If we are also mentioning Anglo/US productions I'll put in a shout for *'Out of Africa'*. I think Barry excelled with his haunting themes for that score. We always need the handkerchiefs nearby though.


----------



## Guest (Jul 20, 2020)

mikeh375 said:


> ...just to clarify Christabel.
> 
> You do not see the actor's hands, here's how it worked.
> 
> ...


Yes, I understand what you were driving at (I used to work in film for television - documentary - doing Continuity). It just seems a harder way to do it than the way I imagined. Anyway, it's all history.

I love "*Out of Africa*", but I think it's an American-financed film ostensibly. International cast, but American Director and English composer. I loved Karen's servant and especially when she says to him "I want to hear you say my name".

Finch-Hatten was a rake and I don't know why Karen tolerated his philandering; it was the one thing which detracted from the film for me - this self-indulgence of Finch-Hatten and his self-absorbed comments when Karen wants to pin him down. Anyway, she retained her dignity and let him go. Streep was just superb in the role, but by the time Dennis had died I long since lost interest in him as a character. In many ways her first husband, Baron Bror von Blixen, was the more honest man. Michael Kitchen was just superb as Berkeley, who succumbs to 'the fever'.

Wiki says the film is American.
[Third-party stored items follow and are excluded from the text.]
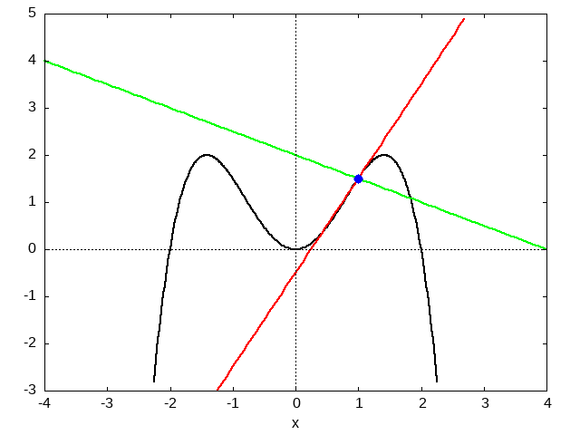 m_N & = & \frac{-1}{m_T} = -0.5 \\[2mm] y_N & = & m_N x + n_N \\ 1.5 & = & (-0.5) \cdot 1
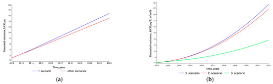 From the system dynamics model, it was determined that the generation of emissions in both the first and second scenario is characterized by a linear curve (Figure 9a). The number of generated emissions increases every year as the number of cows increases, which thus increases the number of emissions generated from intestinal fermentation processes. However, because of the introduction of innovations, it is possible to observe a reduction in emissions, as a higher level of manure management reduces emissions from manure.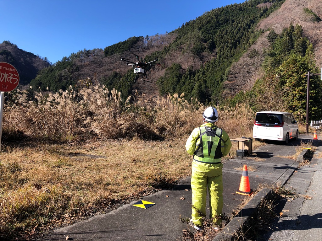 計測範囲を見渡せる場所を確保して やっと飛行作業となります。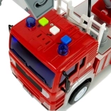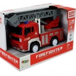Le véhicule est équipé d'une transmission à friction pour un démarrage facile - il suffit de pousser, tirer en arrière et lâcher pour le faire rouler. Il est réalisé à l'échelle 1:20 avec des détails minutieusement réalisés, lui conférant un aspect réaliste. Sur le toit, l'échelle est équipée d'un tuyau de pompier pour simuler les actions de sauvetage.

Make of that what you will.


----------



## Guest (Jul 20, 2020)

Two more excellent English films; the first "Saturday Night and Sunday Morning" directed by Karel Reisz and starring Albert Finney (who was just an extraordinary actor). Another of those 'kitchen sink dramas' and made in 1960.










The second is one of my very favorite films of all times because it starred Tom Courtenay - also starring Albert Finney: "*The Dresser*". It's been remade!! Why??? The 1983 version is perfection, directed by Peter Yates and written by Ronald Harwood.










And it's bloody funny:


----------



## mikeh375 (Sep 7, 2017)

Christabel said:


> Yes, I understand what you were driving at (I used to work in film for television - documentary - doing Continuity). It just seems a harder way to do it than the way I imagined. Anyway, it's all history.
> 
> I love "*Out of Africa*", but I think it's an American-financed film ostensibly. International cast, but American Director and English composer. I loved Karen's servant and especially when she says to him "I want to hear you say my name".
> 
> ...


What I find helps to get across the central theme in this film of loss - not only for Karen, but Africa too - is the melancholy generated by the score, especially the music over the ariel shots. There is also the main musical theme which engenders in me a deep emotional response to nature and at what we now stand to lose if we are not careful. It starts in this clip at 2'.26".
I would also like highlight the utter simplicity in the theme and its presentation, the power of harmony and melody at their most homophonic.


----------



## perempe (Feb 27, 2014)

Enjoyed Hobson's Choice. It had ok specials effects.


----------



## Jacck (Dec 24, 2017)

https://en.wikipedia.org/wiki/BFI_Top_100_British_films

personal favorites? Maybe Trainspotting, Monthy Python and A Clockwork Orange (is it Brittish or American?)


----------



## elgar's ghost (Aug 8, 2010)

Jacck said:


> _A Clockwork Orange (is it Brittish or American?)_


Original story set in the UK and written by a British author and the film adaptation made in the UK by an exiled American and featuring British actors - yep, I think we can claim that one. :lol:


----------



## Guest (Jul 20, 2020)

Isn't the definition by Production Company?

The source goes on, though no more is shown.